[WHAT THE EXERCISE ASKS]
Beginning at the line containing "Ikona wykonana na" in the material below and ending at the line containing "เอกสารเก่า ติดแสตมป์รัชกาลที่5, แสตมป์ฤชากร", return each line exactly and add nothing.

[EXCERPTED RECORDS]
○ ○ ○ ○
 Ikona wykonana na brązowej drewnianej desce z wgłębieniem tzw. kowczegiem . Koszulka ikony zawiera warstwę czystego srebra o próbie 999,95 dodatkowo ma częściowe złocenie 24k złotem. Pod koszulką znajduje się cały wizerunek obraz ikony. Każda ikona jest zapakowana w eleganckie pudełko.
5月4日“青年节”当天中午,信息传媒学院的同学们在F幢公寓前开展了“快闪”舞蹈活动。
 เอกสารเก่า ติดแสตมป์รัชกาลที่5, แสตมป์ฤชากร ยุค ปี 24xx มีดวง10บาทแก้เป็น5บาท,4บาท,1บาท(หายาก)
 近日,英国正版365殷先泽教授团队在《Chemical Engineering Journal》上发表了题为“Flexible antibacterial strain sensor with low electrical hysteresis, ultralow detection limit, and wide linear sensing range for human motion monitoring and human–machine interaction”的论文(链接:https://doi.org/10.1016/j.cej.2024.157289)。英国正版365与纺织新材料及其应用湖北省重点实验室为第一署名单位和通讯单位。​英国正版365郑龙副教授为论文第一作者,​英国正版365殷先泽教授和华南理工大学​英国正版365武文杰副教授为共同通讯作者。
○ ○ ○ ○
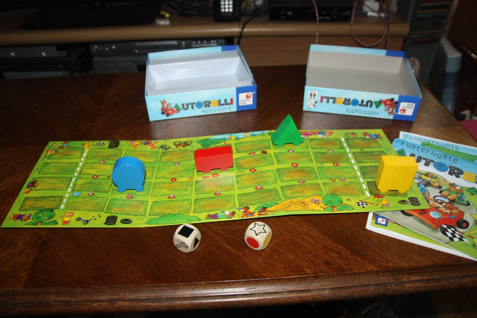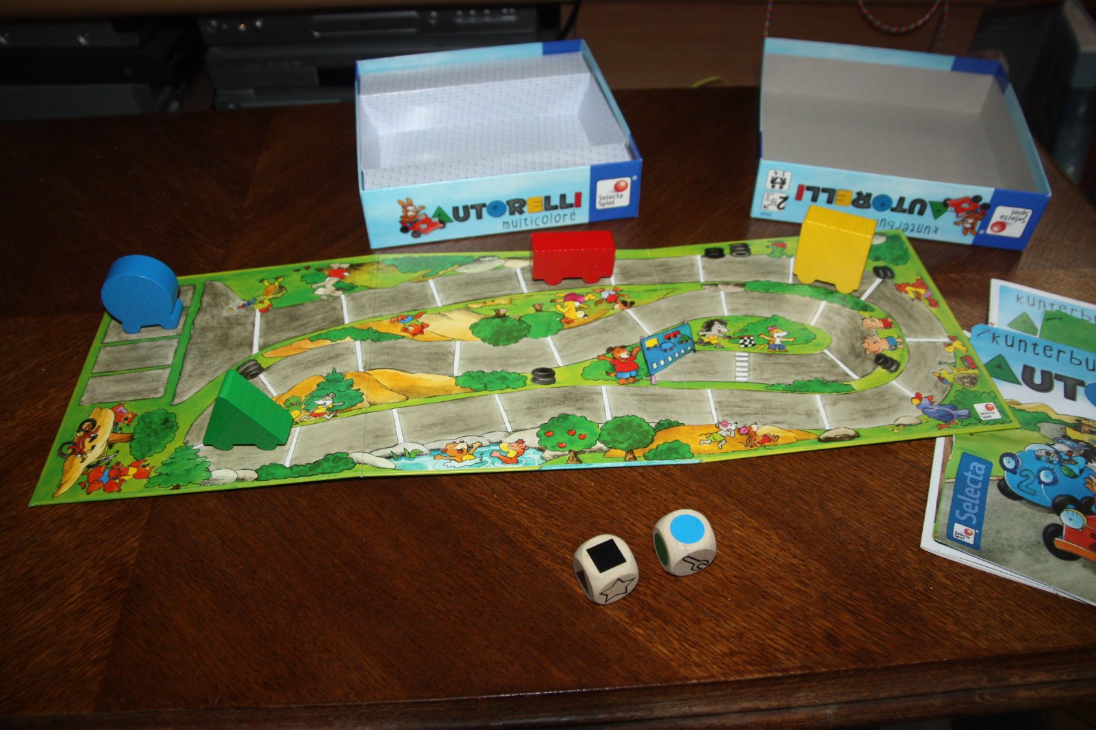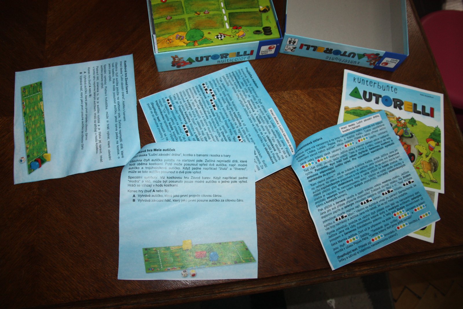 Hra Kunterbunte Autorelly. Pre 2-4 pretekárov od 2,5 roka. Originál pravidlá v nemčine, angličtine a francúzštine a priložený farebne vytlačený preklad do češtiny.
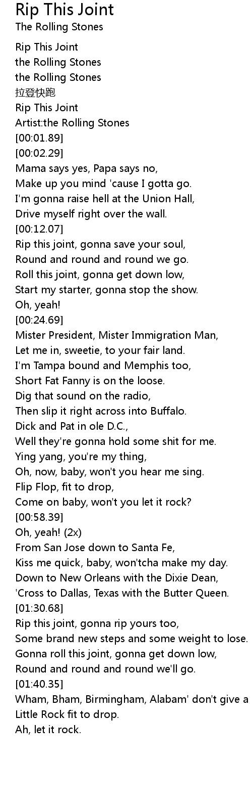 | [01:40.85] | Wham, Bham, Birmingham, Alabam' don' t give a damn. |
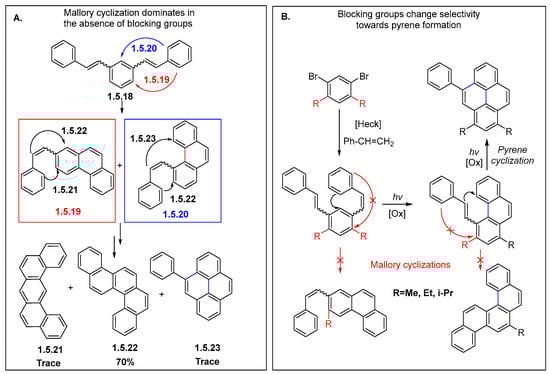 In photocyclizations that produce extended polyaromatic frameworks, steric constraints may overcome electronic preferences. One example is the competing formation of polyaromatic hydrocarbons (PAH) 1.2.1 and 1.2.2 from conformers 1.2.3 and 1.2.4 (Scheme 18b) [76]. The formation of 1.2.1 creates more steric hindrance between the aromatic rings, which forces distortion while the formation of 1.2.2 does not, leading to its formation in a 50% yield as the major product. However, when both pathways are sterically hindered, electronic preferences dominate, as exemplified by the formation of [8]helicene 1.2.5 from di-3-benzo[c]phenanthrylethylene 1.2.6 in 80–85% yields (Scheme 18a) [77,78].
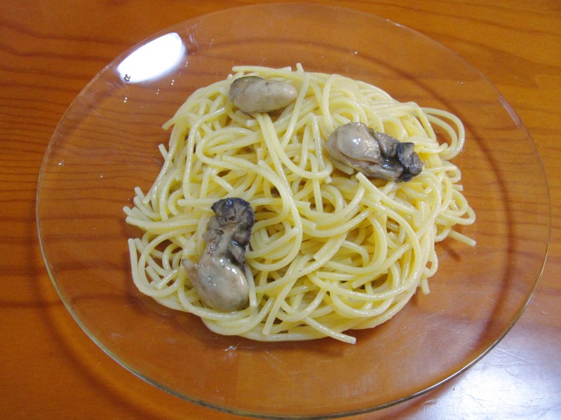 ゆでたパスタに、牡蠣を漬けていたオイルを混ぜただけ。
○ ○ ○ ○
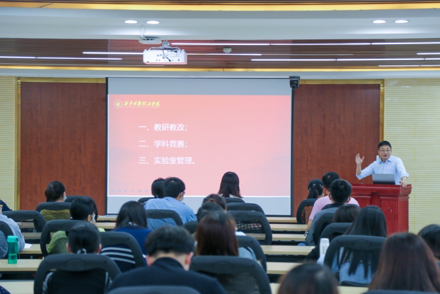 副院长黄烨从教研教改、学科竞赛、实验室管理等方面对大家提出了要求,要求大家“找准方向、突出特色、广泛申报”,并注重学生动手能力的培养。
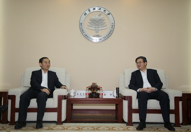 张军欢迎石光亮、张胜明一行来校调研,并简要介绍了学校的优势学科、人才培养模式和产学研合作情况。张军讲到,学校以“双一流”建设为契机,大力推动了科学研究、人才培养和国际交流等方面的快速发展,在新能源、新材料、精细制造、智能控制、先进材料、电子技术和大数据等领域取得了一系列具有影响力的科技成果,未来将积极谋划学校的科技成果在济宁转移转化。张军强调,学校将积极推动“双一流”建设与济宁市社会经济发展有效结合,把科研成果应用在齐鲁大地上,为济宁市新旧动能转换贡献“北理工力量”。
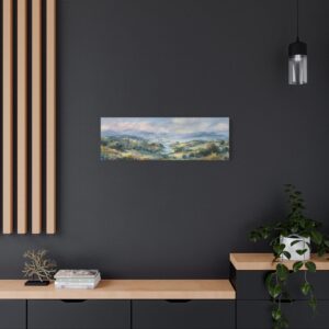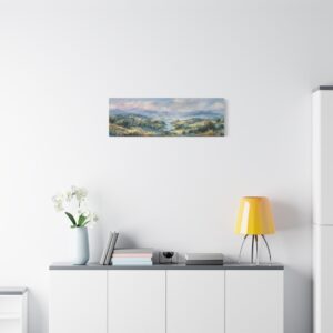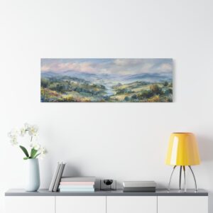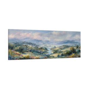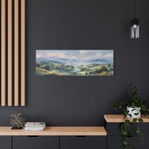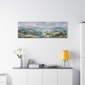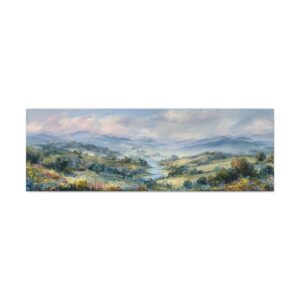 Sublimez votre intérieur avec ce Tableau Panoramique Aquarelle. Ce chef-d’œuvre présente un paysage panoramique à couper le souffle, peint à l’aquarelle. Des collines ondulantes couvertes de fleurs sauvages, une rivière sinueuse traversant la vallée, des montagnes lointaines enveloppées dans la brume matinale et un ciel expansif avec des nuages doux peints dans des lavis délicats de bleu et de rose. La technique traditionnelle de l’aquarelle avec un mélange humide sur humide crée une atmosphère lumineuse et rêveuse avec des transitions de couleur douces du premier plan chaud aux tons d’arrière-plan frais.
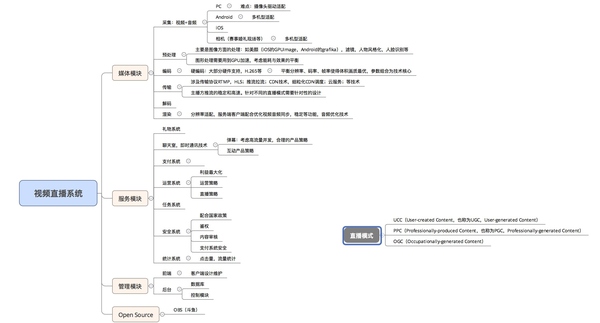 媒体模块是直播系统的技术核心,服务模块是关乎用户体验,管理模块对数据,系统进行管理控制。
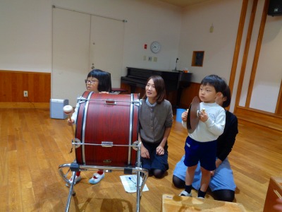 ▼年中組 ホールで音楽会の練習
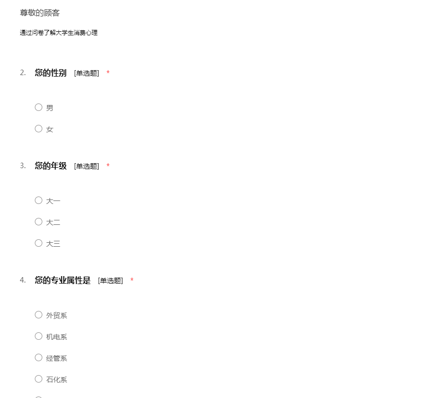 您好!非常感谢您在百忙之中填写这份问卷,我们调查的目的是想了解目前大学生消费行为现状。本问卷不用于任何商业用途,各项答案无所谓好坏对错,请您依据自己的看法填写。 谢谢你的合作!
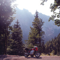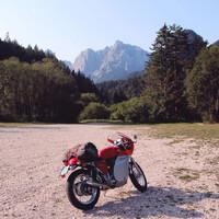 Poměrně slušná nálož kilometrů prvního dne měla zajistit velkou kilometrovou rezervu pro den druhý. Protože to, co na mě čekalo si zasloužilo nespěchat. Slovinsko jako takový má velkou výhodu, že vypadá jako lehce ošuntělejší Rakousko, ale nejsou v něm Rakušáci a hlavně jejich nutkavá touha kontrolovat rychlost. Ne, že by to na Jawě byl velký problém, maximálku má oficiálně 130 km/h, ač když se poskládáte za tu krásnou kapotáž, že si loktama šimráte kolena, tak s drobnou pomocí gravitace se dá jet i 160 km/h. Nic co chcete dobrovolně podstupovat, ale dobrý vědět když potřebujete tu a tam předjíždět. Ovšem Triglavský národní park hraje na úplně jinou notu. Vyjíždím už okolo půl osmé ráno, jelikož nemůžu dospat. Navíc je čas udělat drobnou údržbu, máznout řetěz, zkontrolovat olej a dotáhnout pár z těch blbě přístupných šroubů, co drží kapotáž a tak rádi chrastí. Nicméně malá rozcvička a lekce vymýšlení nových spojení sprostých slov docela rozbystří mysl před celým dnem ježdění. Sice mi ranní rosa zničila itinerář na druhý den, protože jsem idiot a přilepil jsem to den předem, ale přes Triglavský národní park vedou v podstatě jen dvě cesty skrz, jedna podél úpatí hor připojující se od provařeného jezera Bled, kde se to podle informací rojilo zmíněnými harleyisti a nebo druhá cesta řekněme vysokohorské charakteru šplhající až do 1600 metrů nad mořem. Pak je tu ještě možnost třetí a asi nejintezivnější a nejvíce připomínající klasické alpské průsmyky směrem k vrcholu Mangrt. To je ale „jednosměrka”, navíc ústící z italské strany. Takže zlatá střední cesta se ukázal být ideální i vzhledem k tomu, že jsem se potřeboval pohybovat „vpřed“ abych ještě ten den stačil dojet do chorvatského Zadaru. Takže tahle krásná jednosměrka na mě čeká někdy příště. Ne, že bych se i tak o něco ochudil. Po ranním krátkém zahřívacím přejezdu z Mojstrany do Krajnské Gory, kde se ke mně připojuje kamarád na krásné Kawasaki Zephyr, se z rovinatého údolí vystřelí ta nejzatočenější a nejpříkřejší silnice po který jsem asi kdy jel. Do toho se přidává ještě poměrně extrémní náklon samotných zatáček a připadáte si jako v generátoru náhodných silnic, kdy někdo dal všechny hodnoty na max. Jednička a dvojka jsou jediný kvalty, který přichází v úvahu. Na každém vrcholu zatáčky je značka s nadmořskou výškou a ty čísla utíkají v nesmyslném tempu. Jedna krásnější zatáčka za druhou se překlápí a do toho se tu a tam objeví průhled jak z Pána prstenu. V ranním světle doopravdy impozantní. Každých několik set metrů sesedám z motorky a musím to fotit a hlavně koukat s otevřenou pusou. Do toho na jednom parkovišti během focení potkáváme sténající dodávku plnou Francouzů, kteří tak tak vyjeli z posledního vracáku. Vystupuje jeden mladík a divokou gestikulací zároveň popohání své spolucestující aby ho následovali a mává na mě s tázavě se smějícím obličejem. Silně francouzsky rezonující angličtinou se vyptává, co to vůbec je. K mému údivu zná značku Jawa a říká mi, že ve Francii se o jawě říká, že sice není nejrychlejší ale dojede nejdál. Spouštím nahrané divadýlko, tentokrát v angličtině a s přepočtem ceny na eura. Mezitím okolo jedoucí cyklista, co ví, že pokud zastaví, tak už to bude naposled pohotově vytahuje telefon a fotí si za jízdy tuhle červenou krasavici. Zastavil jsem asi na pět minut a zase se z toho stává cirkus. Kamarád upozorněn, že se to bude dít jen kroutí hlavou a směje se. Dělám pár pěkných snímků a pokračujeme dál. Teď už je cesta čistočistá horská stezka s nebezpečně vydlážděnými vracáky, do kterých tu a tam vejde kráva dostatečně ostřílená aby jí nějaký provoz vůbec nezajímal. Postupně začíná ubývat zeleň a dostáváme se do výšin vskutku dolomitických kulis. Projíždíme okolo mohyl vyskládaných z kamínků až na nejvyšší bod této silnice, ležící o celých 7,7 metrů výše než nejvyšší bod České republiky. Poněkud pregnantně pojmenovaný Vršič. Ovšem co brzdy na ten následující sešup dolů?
○ ○ ○ ○
[RESPONSE AREA]
 Ikona wykonana na brązowej drewnianej desce z wgłębieniem tzw. kowczegiem . Koszulka ikony zawiera warstwę czystego srebra o próbie 999,95 dodatkowo ma częściowe złocenie 24k złotem. Pod koszulką znajduje się cały wizerunek obraz ikony. Każda ikona jest zapakowana w eleganckie pudełko.
5月4日“青年节”当天中午,信息传媒学院的同学们在F幢公寓前开展了“快闪”舞蹈活动。
 เอกสารเก่า ติดแสตมป์รัชกาลที่5, แสตมป์ฤชากร ยุค ปี 24xx มีดวง10บาทแก้เป็น5บาท,4บาท,1บาท(หายาก)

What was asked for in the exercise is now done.